In April of 2015, I was listening to my local classical music station in Houston when I heard this piano concerto I had never heard before. It had the structure of a classical era concerto and it sounded a little like a piece from the Italian composer Muzio Clementi or the Austrian composer Johann Nepomuk Hummel. But I was wrong as I learned it was from a composer I had never heard of before, Ignaz Moscheles.

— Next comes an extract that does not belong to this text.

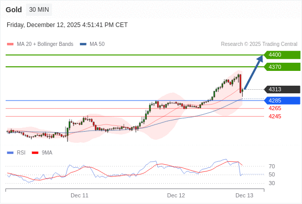 在 4285 之上,看涨,目标价位为 4370 ,然后为 4400 。

While I had never heard of Moscheles, he was certainly not an insignificant man in classical music.
From Wikipedia, I found out he was a Jewish Bohemian [Czech] composer and piano virtuoso, born in Prague, with his career based early on in London and later in Vienna. Ignaz Moscheles was at one time a teacher of the brilliant Felix Mendelssohn.
I also learned that Moscheles had good relations with the giant of the early Romantic music era, Ludwig Van Beethoven: “While in Vienna Moscheles was able to meet his idol Beethoven, who was so impressed with the young man’s abilities that he entrusted him with the preparation of the piano score of his opera Fidelio.” Moscheles would transcribe the piano score for Fidelio.

After the death of Mendelssohn in 1847, Ignaz Moscheles headed the Liepzig Conservatory of Music, that Mendelssohn had founded, where it is said: “The Conservatory became in effect a shrine to Mendelssohn’s musical legacy”.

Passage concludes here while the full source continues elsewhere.